Text summarization is a natural language processing task that is the process of creating shorter text from a document or sequence of text that captures the most important information.

Summarization can take the following form:

- Extractive summarization is the process of extracting the most relevant text from the document and using the relevant text to form a summary.
- Abstractive summarization is the process of generating new text that captures the most relevant information from the document. The generated summary may contain text that does not appear in the document.

Summarization is an example of a sequence-to-sequence task. It has a family of models that are encoder-decoder models that use both parts of the Transformer architecture. The encoder's attention layers has access to all the words of the input text, while the decoder's attention layers only have access to the words that are positioned before the target word from the input text.


## Objective 

In this lab, you will:

1. Understand the concept of inference optimization.
2. Learn techniques to optimize inference for machine learning models.
3. Implement and evaluate these optimization techniques.


## Set Up Your Environment



### Install Required Libraries 

Ensure you have the necessary libraries installed. You can install them using pip if they are not already installed.

### Import Libraries 

Import the necessary libraries for data manipulation, model loading, and optimization.

In [None]:
# Import libraries
import time
import torch
import pandas as pd

from transformers import (
    AutoTokenizer,
    PegasusForConditionalGeneration,
    BartForConditionalGeneration,
    PegasusTokenizerFast,
    BartTokenizerFast,
    BatchEncoding,
)

from llm_inference_lab.utils.download_models import download_models

from llm_inference_lab.utils.models import pegasus_model, distilbart_model

from llm_inference_lab.tools.torch.quantization import dynamic_quantization


Unused imports. The imports below will be used in another lab focused on benchmarking and metrics.

In [None]:

# from llm_inference_lab.summarization.summarization import TextSummarizer

# from llm_inference_lab.utils.benchmark import measure_inference_time

### Download Models

Download the models for the Lab. Depending on your network connectivity, this may take longer than expected.

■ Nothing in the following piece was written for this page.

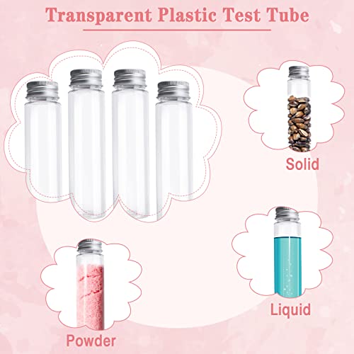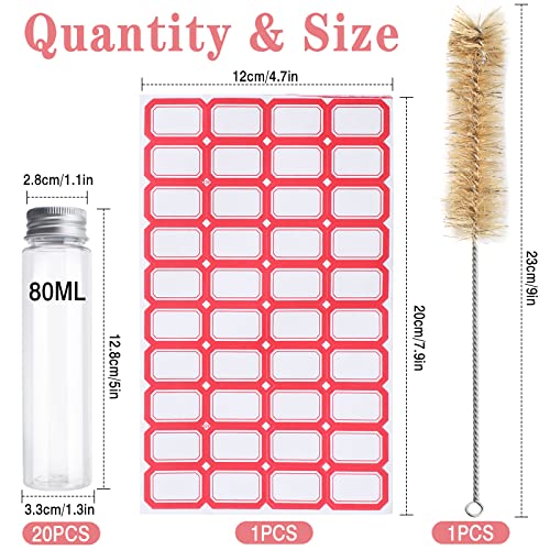 20 Pezzi Provette Plastica Trasparenti Riutilizzabili 80ml Provette Plastica Tappo a Vite Provette Plastica con Tappo con Etichetta Adesiva e Spazzola per la Pulizia per Dolciumi Accessori Cosmetici

*Expected download time is approximately 2 minutes.*

More information about the models we will download for this lab can be found here:

- [google/pegasus-cnn_dailymail](https://huggingface.co/google/pegasus-cnn_dailymail) - This model provides an abstractive summary that is high in extractive coverage/density, which means the summaries returned are more extractive.
- [sshleifer/distilbart-cnn-12-6](https://huggingface.co/sshleifer/distilbart-cnn-12-6) - This model is a form of a compressed model technique known as distillation. Distillation is the process of transferring knowledge from a larger model, also referred to as the teacher, to a smaller model, also referred as the student. This model provides an abstractive summary that is high in extractive coverage/density, which means the summaries returned tend to contain snippets of verbatim text from the input document (so may resemble an extractive summary).

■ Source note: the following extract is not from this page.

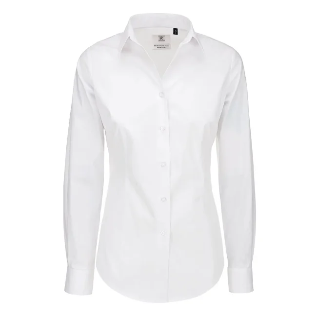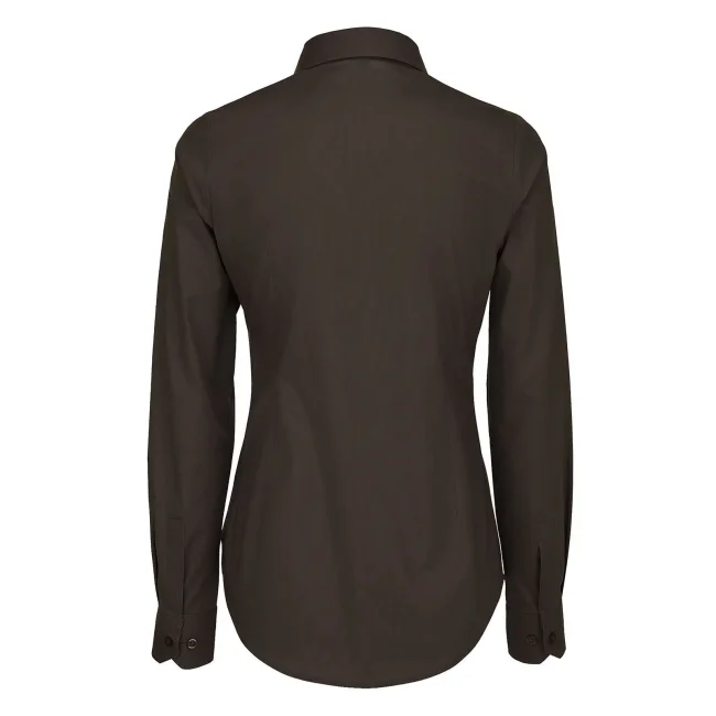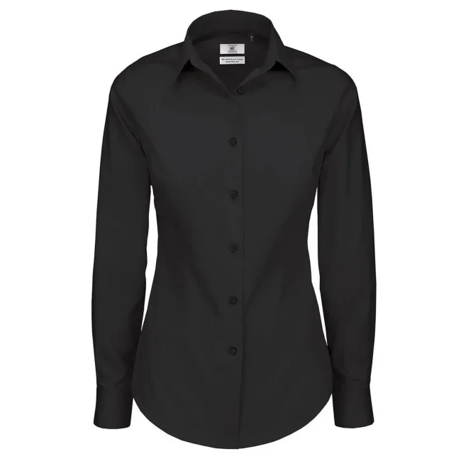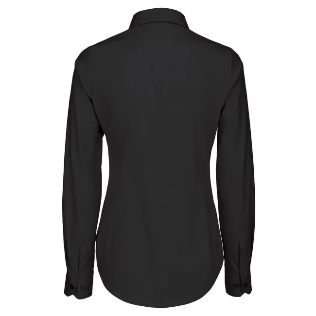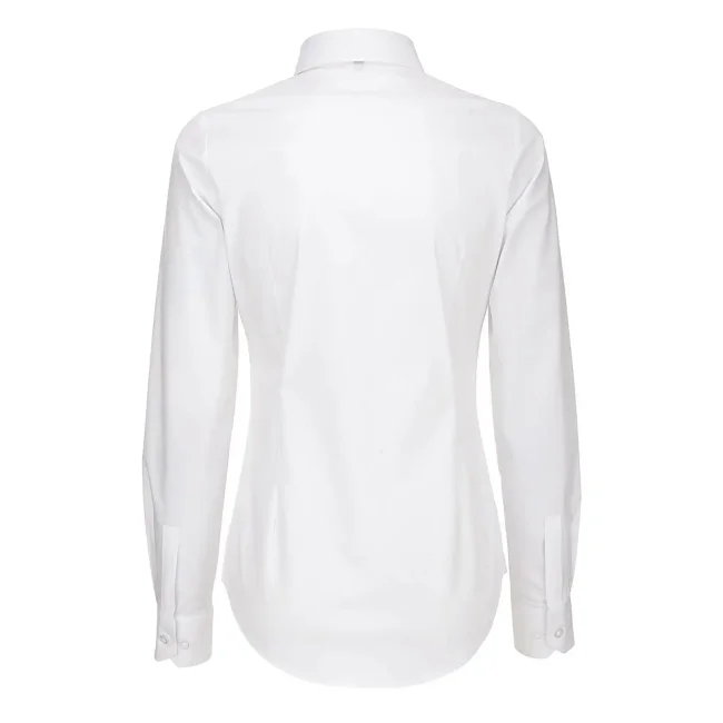 Camicia Black Tie LSL composta da 97% cotone pettinato e 3% elastane, presenta un taglio femminile leggermente sfiancato. I polsini con 2 bottoni e i bottoni tono su tono effetto madreperla con cucitura a croce aggiungono eleganza. Include un bottone di riserva. Lavabile a 50°C.

#### Default Hyperparameters for Models used in this Lab

**Default hyperparameters for Pegasus**

    Model Parameters:​
        Tokenization:​
            max_length – 512​
            padding – True​
            truncation – True​
    ​
    Generation:​
        Parameters that control Generation Strategy:​
        num_beams – 4 (model default is 8)​

    Parameters that control the length of output:​
        min_length - 32​
        max_length - 128​
        early_stopping – True​
        max_new_tokens - 128​

    Parameters for manipulation of model output logits:​
        length_penalty - 0.8​
        no_repeat_ngram_size - 0 (default)

**Default hyperparameters for DistilBART**

    Model Parameters:​
        Tokenization:​
            max_length – 512​
            padding – True​
            truncation – True​
    ​
    Generation:​
        Parameters that control Generation Strategy:​
            num_beams – 4​

    Parameters that control the length of output:​
        min_length - 56​
        max_length - 142​
        early_stopping – True​
        max_new_tokens - 128​

    Parameters for manipulation of model output logits:​
        length_penalty - 2​
        no_repeat_ngram_size - 3

In [None]:
%%time

download_models(all=True)

## Load and Prepare Data

### Load Dataset 

For this lab, we will use the text labeled `src_text`.

For other examples of text, we will use the [Xsum dataset](https://www.kaggle.com/datasets/mdnaveedmmulla/xsumdataset?resource=download&select=xsum_test.csv), which is a classic dataset for summarization tasks. The use of this dataset is dependent on resources. **When using local resources, you may experience Kernel die issues. Recommended to increase your resources if using Xsum Dataset or if change any model hyperparameters.**

In [None]:
df = pd.read_csv("../data/xsum_validation.csv")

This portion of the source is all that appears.